MAC are opportunistic pathogens which cause disease primarily in compromised patients. Following an AIDS-defining illness and in the absence of an effective HAART regimen, the incidence of MAC is approximately 20% per year, and approximately 40% of patients with AIDS will develop MAC infection without preventive treatment.(2) Curiously, disseminated MAC is essentially unique to patients' immunosuppressed by HIV. Pulmonary MAC disease generally afflicts patients with underlying lung disease. Among the specific risk factors for this much less common form of MAC is previous or active tuberculosis, chronic obstructive pulmonary disease (COPD), bronchiectasis, chronic bronchitis, recurrent aspiration or one of the pneumoconiosis syndromes. The present case was a known case of pulmonary TB who had been on ATT for the past four months representing a immunosuppressed state, with the cell mediated arm of immunity being more affected. Had a multiplex PCR not been performed, the diagnosis could never have been clinched.

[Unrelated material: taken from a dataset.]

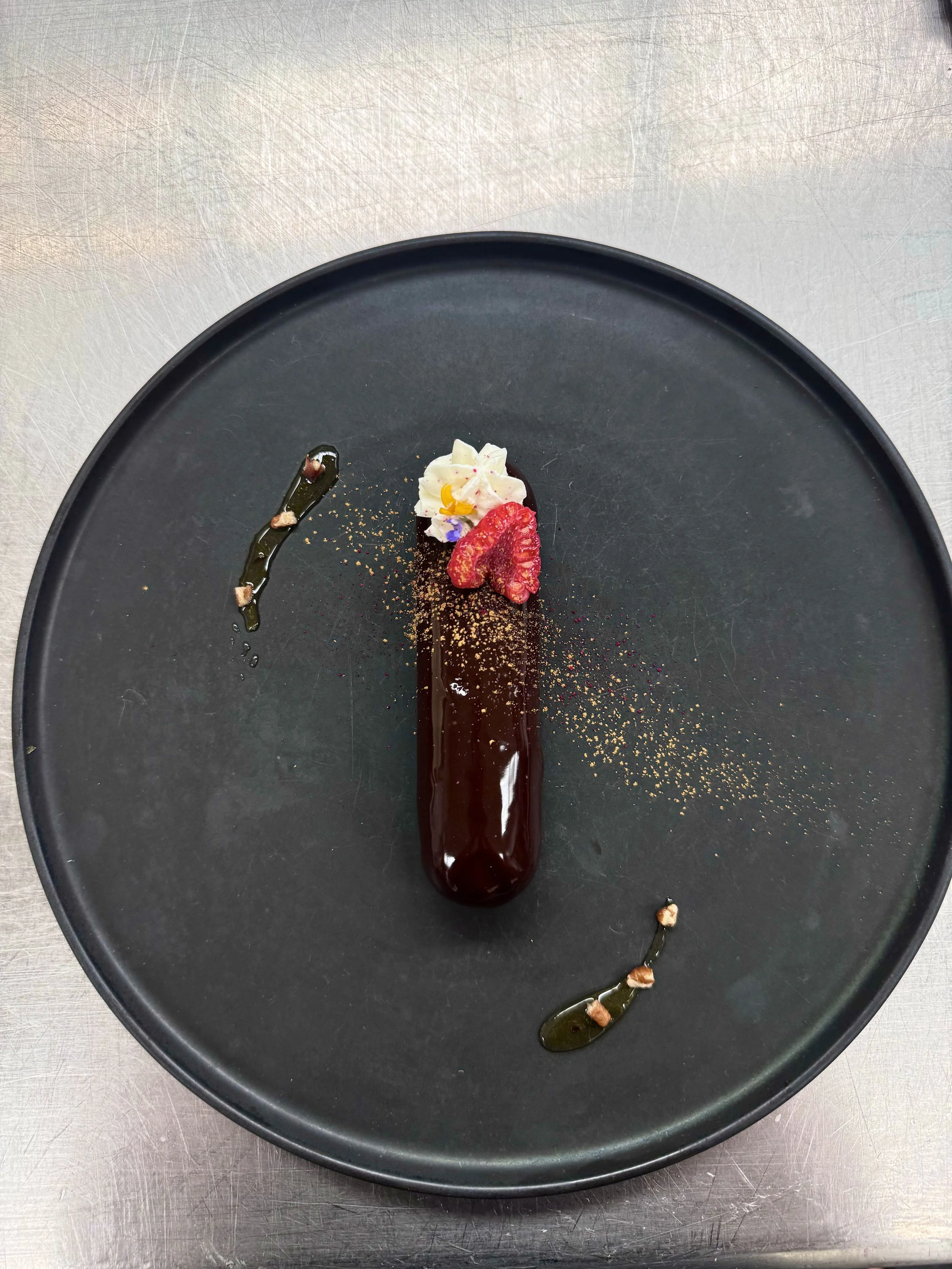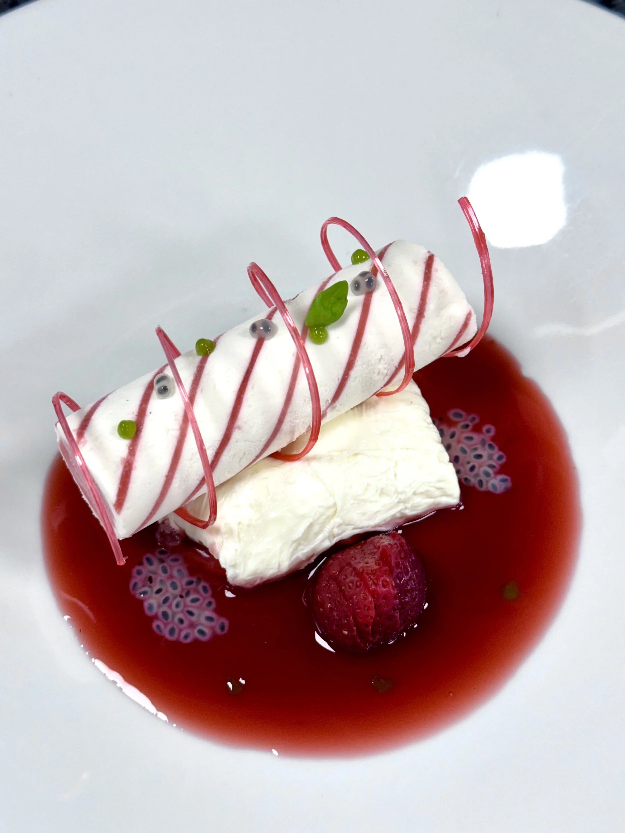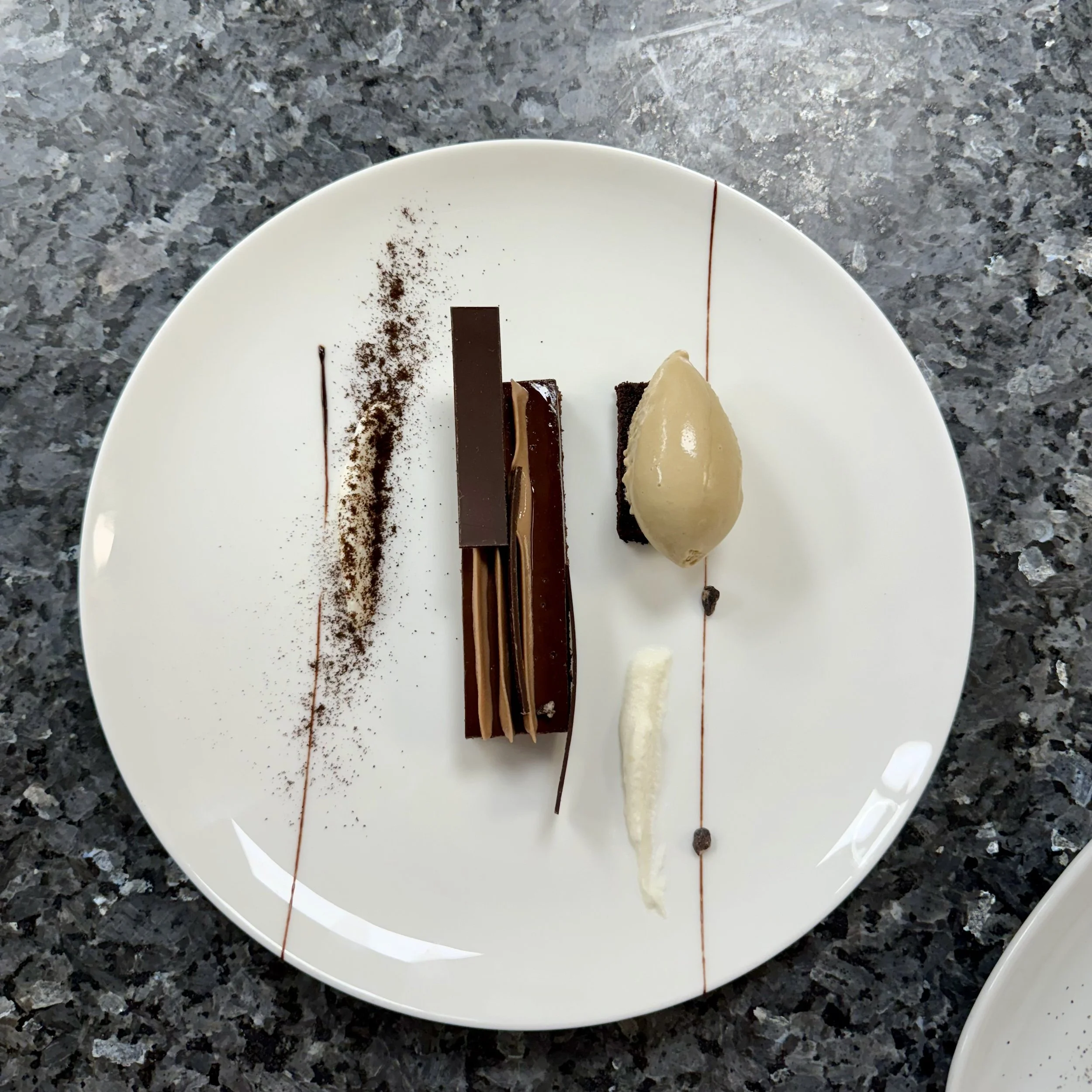 opera cake with passionfruit seeds, vanilla marshmallow and coffee infused white chocolate ganache

This case report adds a new dimension to the diagnosis of suspected tubercular meningitis in immunosuppressed individuals. Considering the meningitis to be only tubercular, there would have been no modification to his treatment. The non-responsiveness under such circumstances is taken as a clinical case of drug resistant tubercular meningitis. There may be a shift in therapy from the first line drugs to second line. Overuse has its known disadvantages of increase in drug resistance. In addition, in resource poor developing countries, like India, that also means additional financial burden on the patient and his kin.